Problem
Nothing below is to be printed except the lines between the line holding "法兴恒指牛熊证街货分布图中的" and the line holding "[17098804]【11052855】[11052855]WBDS0047 苹果Q 197套装", inclusive, each exactly as it appears.

Material shown
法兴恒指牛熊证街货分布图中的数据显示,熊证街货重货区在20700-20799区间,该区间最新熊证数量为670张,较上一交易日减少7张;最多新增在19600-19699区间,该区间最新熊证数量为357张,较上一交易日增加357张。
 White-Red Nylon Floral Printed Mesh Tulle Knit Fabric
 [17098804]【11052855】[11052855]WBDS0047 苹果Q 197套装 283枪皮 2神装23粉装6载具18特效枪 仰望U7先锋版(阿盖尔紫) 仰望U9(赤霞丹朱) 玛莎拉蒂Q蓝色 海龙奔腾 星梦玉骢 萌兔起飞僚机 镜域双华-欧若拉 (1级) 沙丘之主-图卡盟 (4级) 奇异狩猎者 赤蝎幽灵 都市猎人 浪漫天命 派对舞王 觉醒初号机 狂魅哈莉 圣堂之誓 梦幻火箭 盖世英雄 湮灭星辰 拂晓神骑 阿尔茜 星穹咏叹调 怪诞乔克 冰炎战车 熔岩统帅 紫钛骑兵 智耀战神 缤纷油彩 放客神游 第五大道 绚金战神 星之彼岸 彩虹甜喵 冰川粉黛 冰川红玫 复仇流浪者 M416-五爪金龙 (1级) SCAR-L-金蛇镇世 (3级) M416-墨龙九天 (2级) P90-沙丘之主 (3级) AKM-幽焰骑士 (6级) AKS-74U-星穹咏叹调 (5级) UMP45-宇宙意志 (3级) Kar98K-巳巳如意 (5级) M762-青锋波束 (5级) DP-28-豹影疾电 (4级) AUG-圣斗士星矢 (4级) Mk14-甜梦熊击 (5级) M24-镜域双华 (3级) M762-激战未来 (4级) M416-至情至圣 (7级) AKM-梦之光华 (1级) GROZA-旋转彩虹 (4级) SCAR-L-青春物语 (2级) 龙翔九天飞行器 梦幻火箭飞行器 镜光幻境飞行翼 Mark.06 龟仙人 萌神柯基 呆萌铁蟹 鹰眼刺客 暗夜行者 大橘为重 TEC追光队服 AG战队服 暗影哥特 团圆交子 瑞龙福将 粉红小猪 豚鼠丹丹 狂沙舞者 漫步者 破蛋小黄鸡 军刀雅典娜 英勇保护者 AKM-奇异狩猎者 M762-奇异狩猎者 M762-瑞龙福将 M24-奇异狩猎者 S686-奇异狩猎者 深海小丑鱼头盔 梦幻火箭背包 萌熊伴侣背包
...
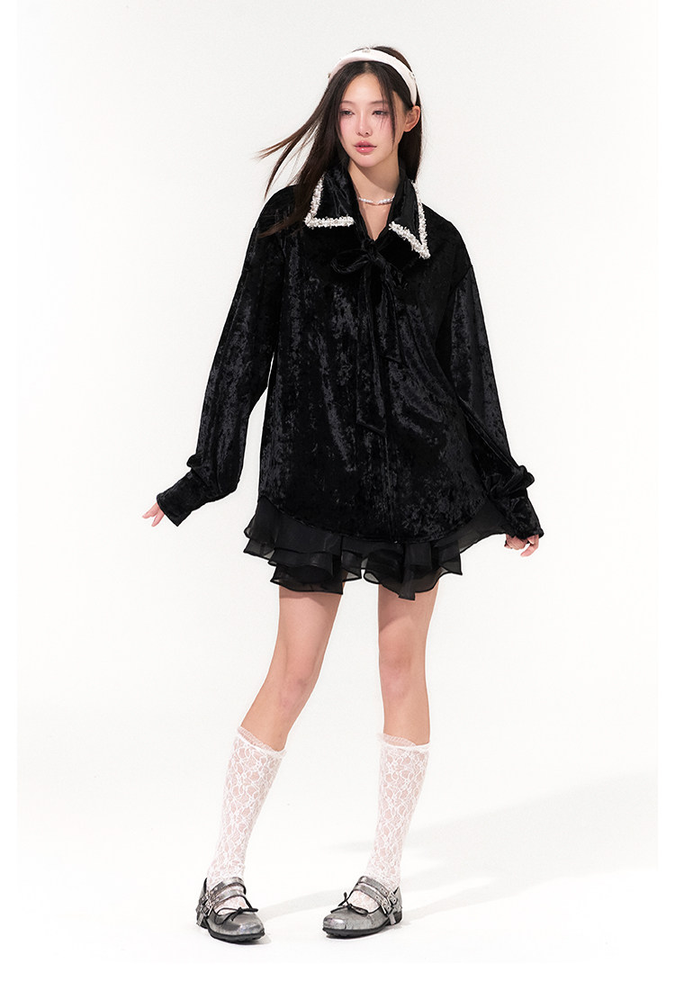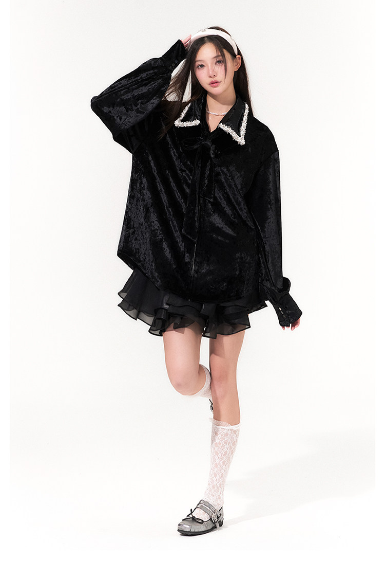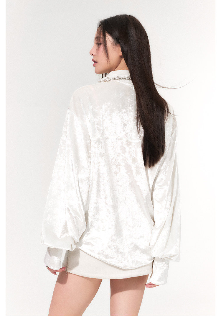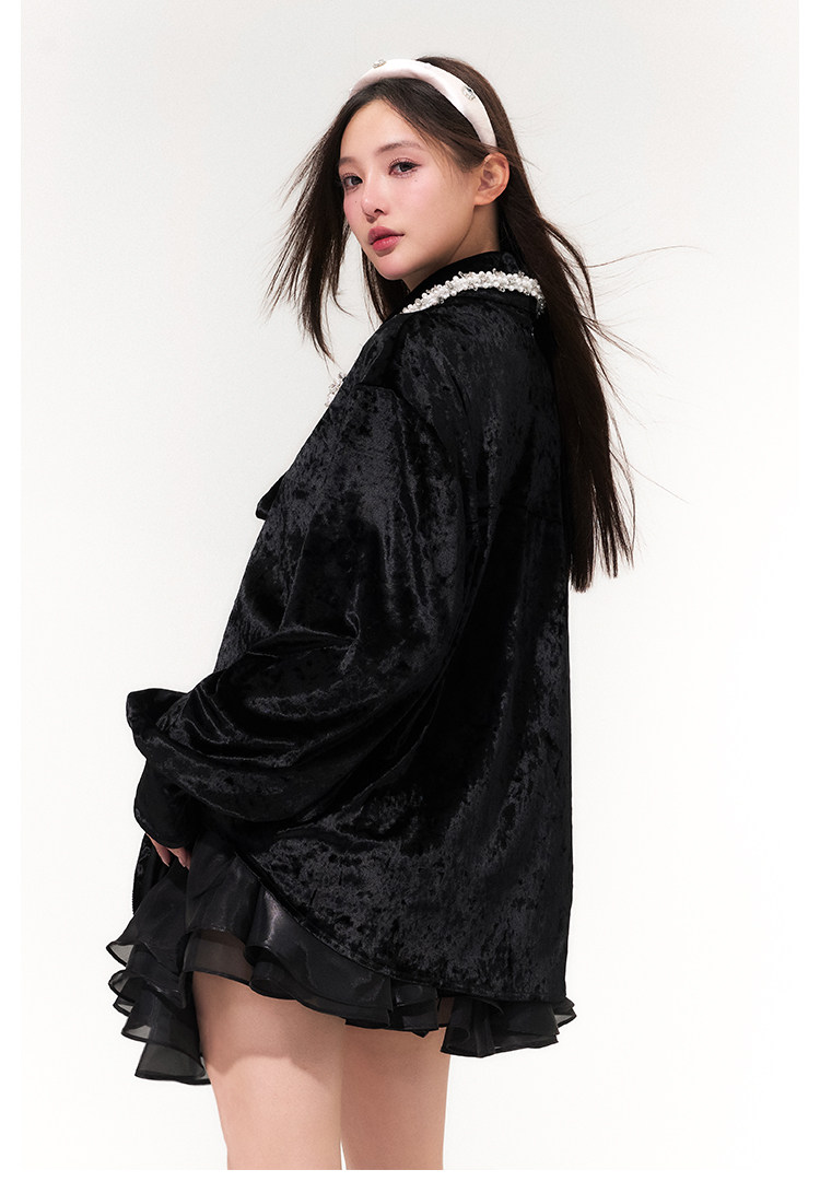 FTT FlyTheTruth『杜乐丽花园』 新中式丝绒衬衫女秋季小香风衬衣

Finished exercise
法兴恒指牛熊证街货分布图中的数据显示,熊证街货重货区在20700-20799区间,该区间最新熊证数量为670张,较上一交易日减少7张;最多新增在19600-19699区间,该区间最新熊证数量为357张,较上一交易日增加357张。
 White-Red Nylon Floral Printed Mesh Tulle Knit Fabric
 [17098804]【11052855】[11052855]WBDS0047 苹果Q 197套装 283枪皮 2神装23粉装6载具18特效枪 仰望U7先锋版(阿盖尔紫) 仰望U9(赤霞丹朱) 玛莎拉蒂Q蓝色 海龙奔腾 星梦玉骢 萌兔起飞僚机 镜域双华-欧若拉 (1级) 沙丘之主-图卡盟 (4级) 奇异狩猎者 赤蝎幽灵 都市猎人 浪漫天命 派对舞王 觉醒初号机 狂魅哈莉 圣堂之誓 梦幻火箭 盖世英雄 湮灭星辰 拂晓神骑 阿尔茜 星穹咏叹调 怪诞乔克 冰炎战车 熔岩统帅 紫钛骑兵 智耀战神 缤纷油彩 放客神游 第五大道 绚金战神 星之彼岸 彩虹甜喵 冰川粉黛 冰川红玫 复仇流浪者 M416-五爪金龙 (1级) SCAR-L-金蛇镇世 (3级) M416-墨龙九天 (2级) P90-沙丘之主 (3级) AKM-幽焰骑士 (6级) AKS-74U-星穹咏叹调 (5级) UMP45-宇宙意志 (3级) Kar98K-巳巳如意 (5级) M762-青锋波束 (5级) DP-28-豹影疾电 (4级) AUG-圣斗士星矢 (4级) Mk14-甜梦熊击 (5级) M24-镜域双华 (3级) M762-激战未来 (4级) M416-至情至圣 (7级) AKM-梦之光华 (1级) GROZA-旋转彩虹 (4级) SCAR-L-青春物语 (2级) 龙翔九天飞行器 梦幻火箭飞行器 镜光幻境飞行翼 Mark.06 龟仙人 萌神柯基 呆萌铁蟹 鹰眼刺客 暗夜行者 大橘为重 TEC追光队服 AG战队服 暗影哥特 团圆交子 瑞龙福将 粉红小猪 豚鼠丹丹 狂沙舞者 漫步者 破蛋小黄鸡 军刀雅典娜 英勇保护者 AKM-奇异狩猎者 M762-奇异狩猎者 M762-瑞龙福将 M24-奇异狩猎者 S686-奇异狩猎者 深海小丑鱼头盔 梦幻火箭背包 萌熊伴侣背包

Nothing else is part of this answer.